CAMEROTA: Paul Manafort, one of Mr. Trump's top advisors, does say that things are changing, and they are changing with some of Mr. Trump's positions and rhetoric. Let me read to you what he said, Paul Manafort, in a recent interview. He just said "He," meaning Donald Trump, "already starting moderating on his call to ban Muslims. He operates by starting the conversation at the outer edges, and then bringing it back towards the middle within his comfort zone. He'll soften it some more." So how is his stance on a Muslim ban changing?

PIERSON: I wouldn't use the term "moderating." Mr. Manafort used the word softened and that's because we --

CAMEROTA: And moderating. He said "Mr. Trump has already started moderating on his --

PIERSON: Right, and that's what I would say. I would say I wouldn't use the term "moderating." I would use softening simply because of the initial ban on immigration, not all Muslims, which the media has been reporting, Mr. Trump was asked if he would back of it, and he said yes if we could vet people coming into the country. But we don't have that yet. There is no moderation when it comes to national security. Mr. Trump definitely supports halting all Muslim immigration coming into the country until there's a system put in place that we can identify people.

Those who are coming that can be verified, that have papers, those are different. And that's the part that's been missing from this entire discussion. There was never, ever a ban on all Muslims.

CAMEROTA: He said a full and total. I believe he said a full and total ban on all Muslims entering the states. And that's changing.

PIERSON: That is an immigration policy. Every media outlet received the exact same statement, and the top line of that statement, it is an immigration policy, so it does not apply to every single Muslim. It does not apply to United States Muslims or those serving in the military, which a lot of media reported. It was completely false. It was simply an immigration policy.

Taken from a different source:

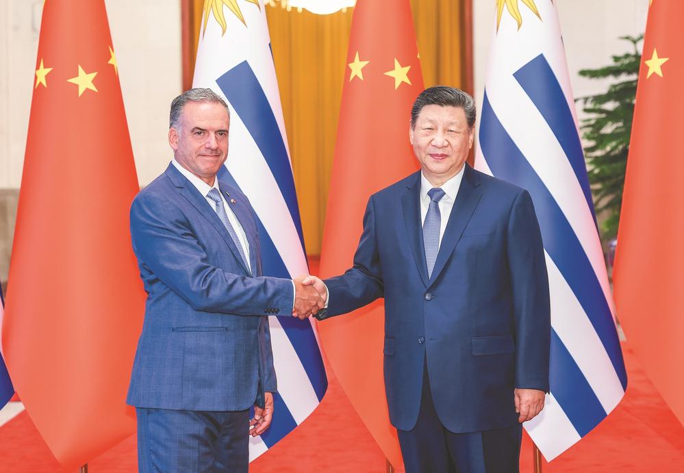习近平指出,当今世界正处于百年未有之大变局,国际形势变乱交织,单边霸凌愈演愈烈,中方支持乌拉圭接任“77国集团和中国”轮值主席国,愿与乌方加强全球南方团结协作,共同推进平等有序的世界多极化、普惠包容的经济全球化,(下转第四版)

CAMEROTA: President Obama is in Japan this morning, and he says that he has been asked, he is at the G-7 Summit, he says he has been asked by several world leaders what he makes of Donald Trump's candidacy and what they think Donald Trump will be like as a world leader. So let me play that for you.


BARACK OBAMA, (D) PRESIDENT OF THE UNITED STATES: I think it's fair to say that they are surprised by the Republican nominee. They are not sure how seriously to take some of his pronouncements. But they're rattled by him, and for good reason.

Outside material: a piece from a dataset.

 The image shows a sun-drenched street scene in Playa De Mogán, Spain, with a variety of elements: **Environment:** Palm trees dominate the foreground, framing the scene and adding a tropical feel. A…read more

CAMEROTA: Katrina, what is Mr. Trump's response by world leaders being rattled by his candidacy?

PIERSON: Mr. Trump has sent a message clearly to world leaders that they need to get their own houses in order because if he becomes the president, we're going to put the United States and our families first. And that means they're going to have to take more responsibility and accountability for themselves and their own people. So, sure, they're rattled, because the gravy train ends if Mr. Trump becomes president. There are several problems we have inside our own country that needs to be addressed.

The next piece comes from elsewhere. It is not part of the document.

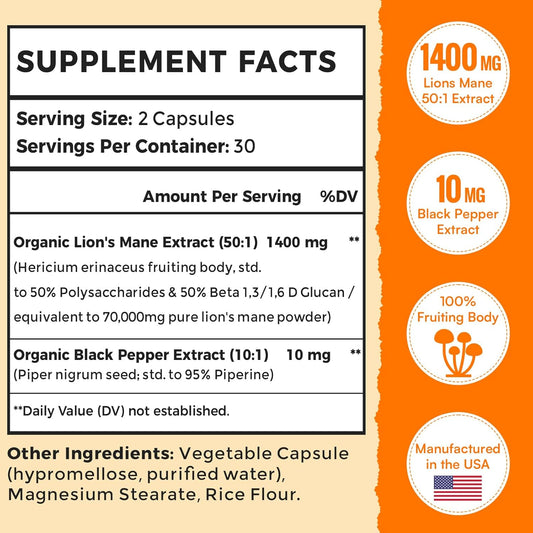 Organic Lions Mane Capsules - 10,000mg Extract, 30% Polysaccharides - Energy, Memory, Focus - 60 Vegan Capsules
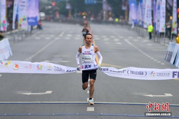 图为齐程马推紧须眉组黄仁伟领先冲过尽头,并以2小时23分25秒戴得桂冠。中新社记者 刘忠俏 摄

Meanwhile, we have trade deficits. We're spending hundreds of billions of dollars in defense for countries whose are using that money essentially for socialism. So those things are going to change, and Mr. Trump's most important concern are the people here and not the people who are in control of those countries taking advantage of Americans.

CAMEROTA: Katrina, what is the Trump campaign's response to the news about Hillary Clinton's e-mails come from the I.G. And does he think this is a topic that will really resonate with voters?

PIERSON: This is a topic that has been resonating with voters, considering that she has been lying this whole time about what she did or didn't send or whether she did or did not comply with the laws that she created for everyone else in her department but decided then not to follow herself, which is very typical of a career politician who wants to make the rules for everyone but themselves.

But this is more important simply because Hillary Clinton has been in public office for a very long time, whether it's being the first lady, being a United States senator, and then the secretary of state. And so to make that kind of a judgment after all of that experience in public office, in service, to put national security at risk, I think is a big factor going into November because national security is extremely important, and we're going to hear more from this hacker that claims that he hacked her e-mails. CAMEROTA: But I just wanted to be clear. The I.G. and the FBI has

not found any evidence that Guccifer, whatever his name is, this hacker actually did hack into her e-mail.

PIERSON: Yes, that's exactly why he is here in the United States, and they're going to be questioning him. I don't think it's going to be a surprise when we found out that's exactly what happened. This is a problem. Hillary Clinton did send classified information over her e- mail, which she said she did not.

[08:15:03] And all of that information is extremely important. For someone who's been in office, that shows poor judgment. And the fact that she wants to be the President of the United States and has no regard for the laws is extremely important.

CAMEROTA: Katrina Pierson from the Trump campaign, thanks for being on NEW DAY.

PIERSON: Thanks, Alisyn.

CAMEROTA: Let's go to Ana.

CABRERA: All right, Donald Trump making even more headlines, this time with Jimmy Kimmel, the comedian asking him about compliments he gave Hillary Clinton in 2008 and 2012. And is Kimmel a potential VP? Check out late night laughs.


JIMMY KIMMEL, HOST, "JIMMY KIMME LIVE": In 2008, I want to get this right, you said you thought Hillary Clinton would make an excellent president. And as recently as 2012, you said you thought she was terrific. What did she do? What happened?

DONALD TRUMP (R), PRESIDENTIAL CANDIDATE: Well, let me just explain to you.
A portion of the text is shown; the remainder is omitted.